United directors sued over US$37m severance payment to ex-CEO ousted in bribery scandal

Travellers checking-in at the United Airlines Premier Access at a Chicago airport. PHOTO: AFP

WILMINGTON, DELAWARE (Bloomberg) - United Continental Holdings directors were sued by a pension fund for granting a US$37 million (S$52.3 million) severance package to the carrier's former chief executive officer, who was ousted in a bribery scandal.

The airline's board erred in signing off on "lavish golden parachutes" for ex-CEO Jeff Smisek and other officials forced out after investigators found a public official strong-armed United into scheduling twice-weekly flights to an airport near Mr Smisek's vacation home, the Florida-based fund said in a lawsuit.

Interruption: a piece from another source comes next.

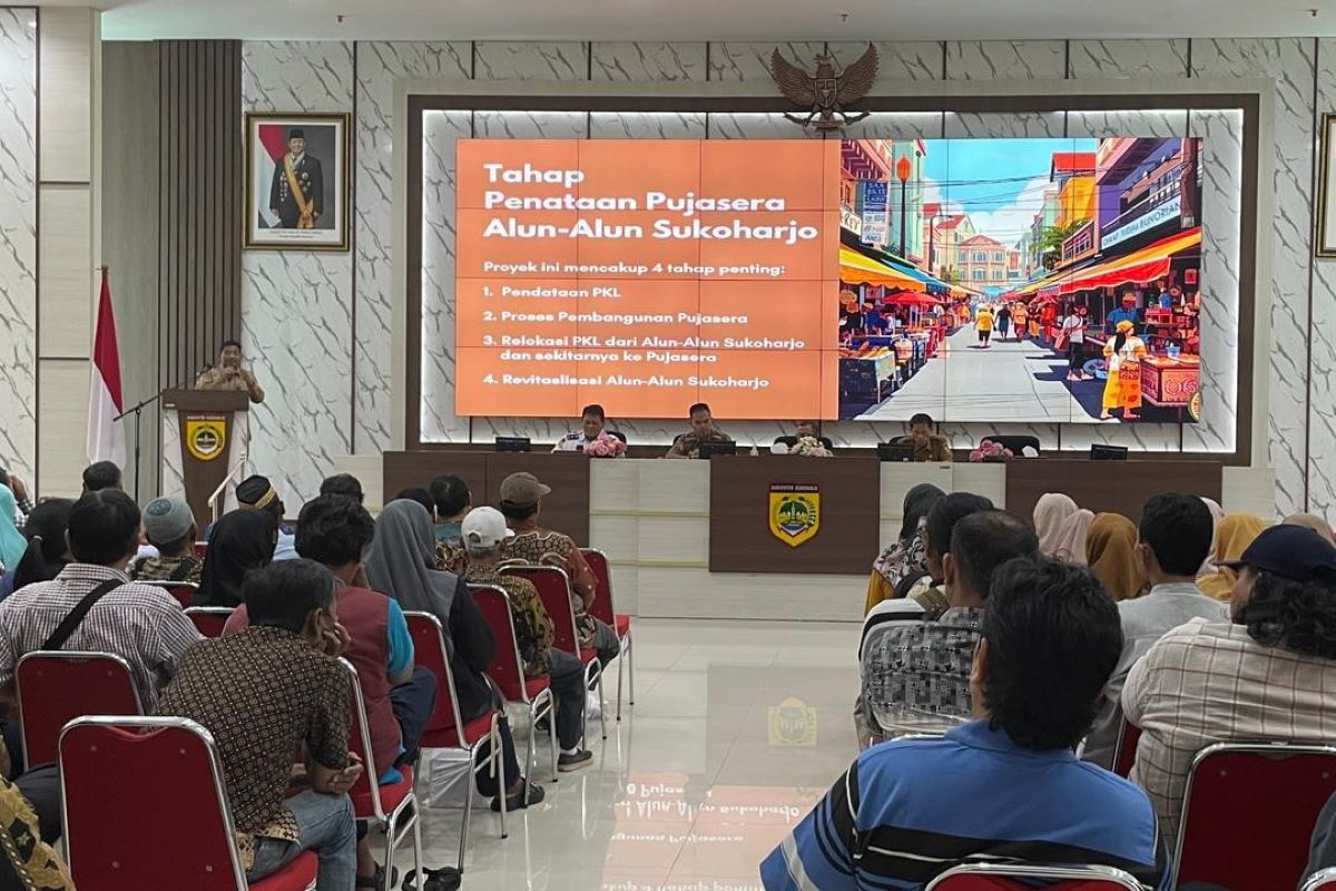 “Proyek ini nantinya mencakup empat tahapan penting, pertama pendataan PKL, proses pembangunan pujasera, relokasi PKL dari alun-alun Sukoharjo dan sekitarnya ke pujasera dan terakhit revitalisasi alun-alun,” terangnya.

Directors also harmed investors by refusing to demand that Mr Smisek return severance payments, the City of Tamarac Firefighters Pension Trust Fund said in the Delaware Chancery Court complaint.

The board "put the interests of Smisek and the other officers ahead of the company's best interests", the fund's lawyers said in the suit, which was unsealed on Wednesday.

"We will defend ourselves against this claim, which we believe has no merit," Ms Erin Benson, a spokesman for United, said in an e-mailed statement.

David Samson, once the chairman of the Port Authority of New York and New Jersey, pleaded guilty to bribery charges last year after federal investigators found he pressured United executives to set up the "Chairman's Flight" from Newark to Columbia, South Carolina.

Sampson was spared prison by a federal judge, who fined the former New Jersey attorney general US$100,000 and sentenced him to a year of confinement at his home in Aiken, South Carolina, plus four years' probation.

Mr Smisek stepped down as the probe into why United restored direct flights between Newark and the capital of South Carolina heated up in 2015. United was seeking funding from the Port Authority to upgrade train access to the Newark airport, the airline's East Coast hub, when Sampson sought a resumption of the flights.

United agreed to pay a US$2.4 million fine to settle US Securities and Exchange Commission claims that it violated securities laws by resurrecting the money-losing flights. The carrier also paid a US$2.25 million fine to resolve a US Justice Department probe into the deal.

The pension fund faults United directors for not firing Mr Smisek when the bribery scheme came to light. Instead, the board wrongfully allowed Mr Smisek and other executives involved in the scandal to resign and get severance payments, the fund said in the suit.

The board compounded its error by refusing to "clawback" the severance payments on the basis that it would discourage potential managers from considering positions with the airline in the future, the fund's lawyers noted.

"To not clawback compensation in the face of egregious and illegal behavior sends the message that" executives can "violate the law with impunity", the fund said in the suit.